I'd like to contrast the Kibbutz to the West Bank Settlements in general. Today's settlements are pretty much government-subsidized housing. Even the pro-Israel Jewish Virtual Library says:
A third group of Jews who are today considered "settlers," moved to the West Bank primarily for economic reasons; that is, the government provided financial incentives to live there, and the towns were close to their jobs.
An interesting, if rather-stretching-it, analogy is to think of a public housing project being built in North Philly, say on Vine and 13th Street (currently the site of a homeless shelter, the U-haul locker where I kept my stuff when I was in Philadelphia, and, on weekend nights, teenage hustlers). But then, instead of moving low-class Philedelphians there, you moved in the more fervent members of Landover Baptist church, so they could be closer to the offices of their Vacation Bible Gun Camp.

Here is what I find depressing: in the late 1980's, while Ariel Sharon was busily building more West Bank settlements, the Kibbitzim were losing a lot of their unique communal principals and radical character. Eli Avarhami writing for kibbutz.org:
Briefly and in general, the changes, still in progress, are essentially a transition from a collectivist, cohesive society with a high level of social and ideological commitment to an individualistic one in which the bond between members and their mutual responsibility is growing steadily weaker. ... Perhaps the most significant change is the primary and central role of money in the consideration of every kibbutz community, institution and individual. The rational economic-pragmatic approach has taken hold in the evolving kibbutz. It changes the kibbutz from an intentional community, carrying out tasks for the common good with economic considerations in last place, to one that as a rule takes on tasks to the extent that they are economically profitable.
I'll skip the digression on how well the "rational economic-pragmatic approach" has worked for us, pausing only to give that phrase a well-deserved Oxymoron Award©.

Israel was not like other countries. It did not have a war for independence or coalesce over years like Germany or Italy; Israel was created by a U.N. resolution, and what history it had was thousands of years old. And I would like to say that Israel was not created as a massive land-grab or as part of some sort of plot. Israel, like the Kibbutz, was an experiment. It was something that hadn't been tried before. In 1789, inventing by Constitional Convention was brand-new.

Look: Israel, like the Kibbutz, has had a crisis. It has lost it's spirit of radicalism, of experiment. With remarkable speed, it has become just another drunken schmoe in the pointless bar brawl we call "mid-east politics" (another Oxymoron Award©). So the Israeli experiment has failed far quicker than most. But let's not delude ourselves. No experiment succeeds. You put something together, try it out, and even if it works beyond your wildest dreams, it will still eventually breakdown and need to be rebuilt. I quoted Ben Franklin not long ago, out our own little experiment of a government: "[it] can only end is Despotism as other forms have done before it."

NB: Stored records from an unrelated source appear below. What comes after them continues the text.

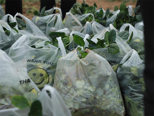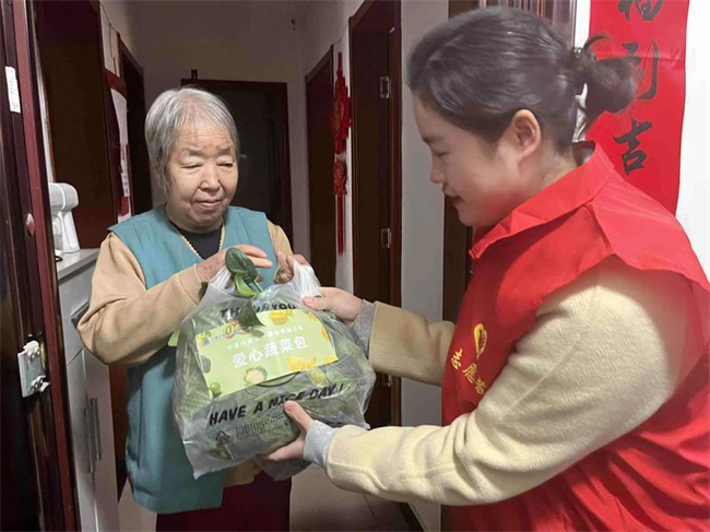 志愿者們來到田間助農(nóng)采摘菠菜和香菜,大家齊心協(xié)力、干勁十足,不一會兒一批新鮮蔬菜便裝袋完成。隨后志愿者們將“愛心蔬菜包”送往翠華南路社區(qū)困難老人手中,以實際行動傳遞愛心,踐行央企責任。
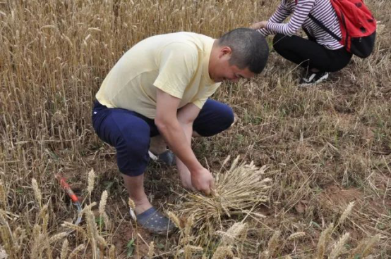 在贫困户张金元家金黄的麦地里,七、八位帮扶干部一字排队,尽管大家在烈日下大汗淋漓,却还是一鼓作气把一亩多小麦全部收割完毕才歇息。张金元的儿子患有智障无法从事劳动,其妻子也常年在外打工,每遇抢收抢种的农忙季节便忙不过来。这下可好了,有了帮扶干部们的帮助,他担心焦虑的事情一下子就解决了。
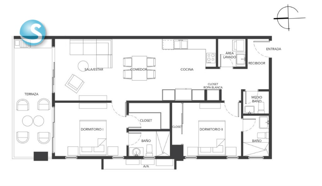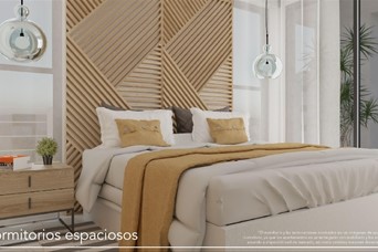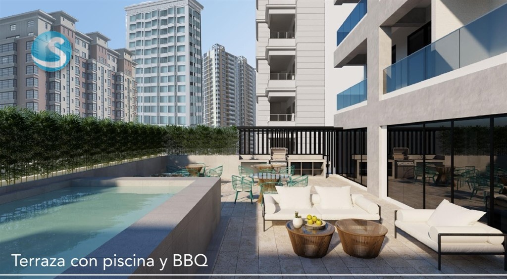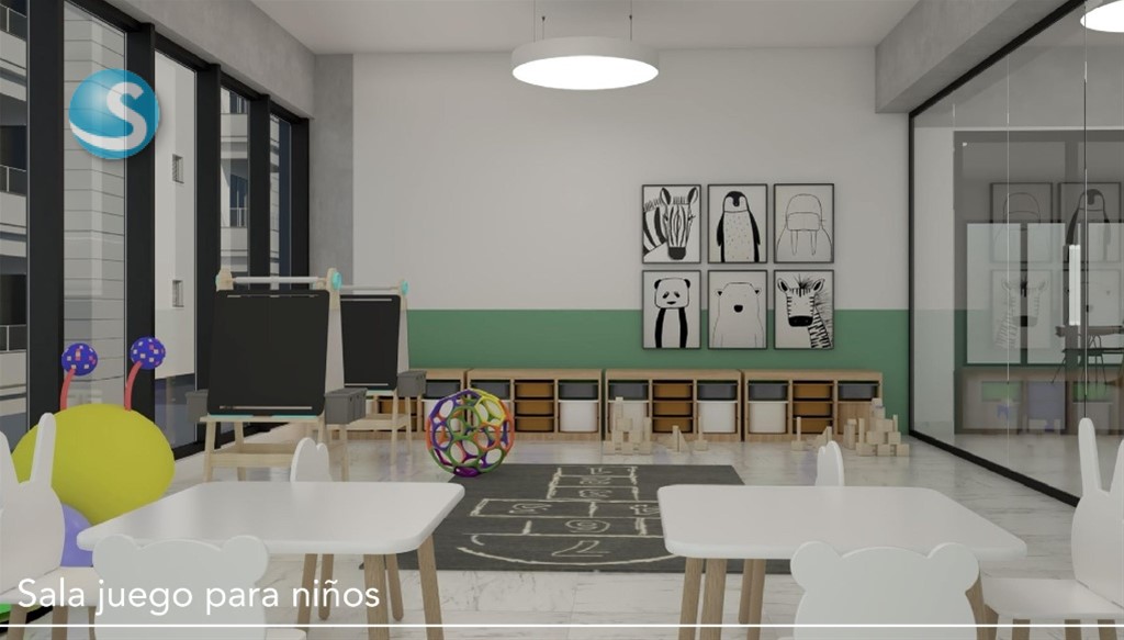 Vista del apto completamente despejada dos habitaciones 2.5 baños gran cocina sala y comedor habitacion principal con walkin closet locker 2 parqueos areas sociales psicina gimnasio area infantil are de trabajos salon de reuniones

But remember something else. Our founding fathers read the histories of Rome and Athens—the histories of earlier experiments—and the people who had tried to learn from them; Locke, Hume, Hobbes...

When you create an experiment, you draw on what you have learned from the other failures. You try again, only better this time. And in the end, what we may be able to say about Israel and Palestine five hundred years from now is the same thing we'll be able to say about America five hundred years from now: It may have been a failure, but we learned from it.

If nothing else, there was the Kibbutz.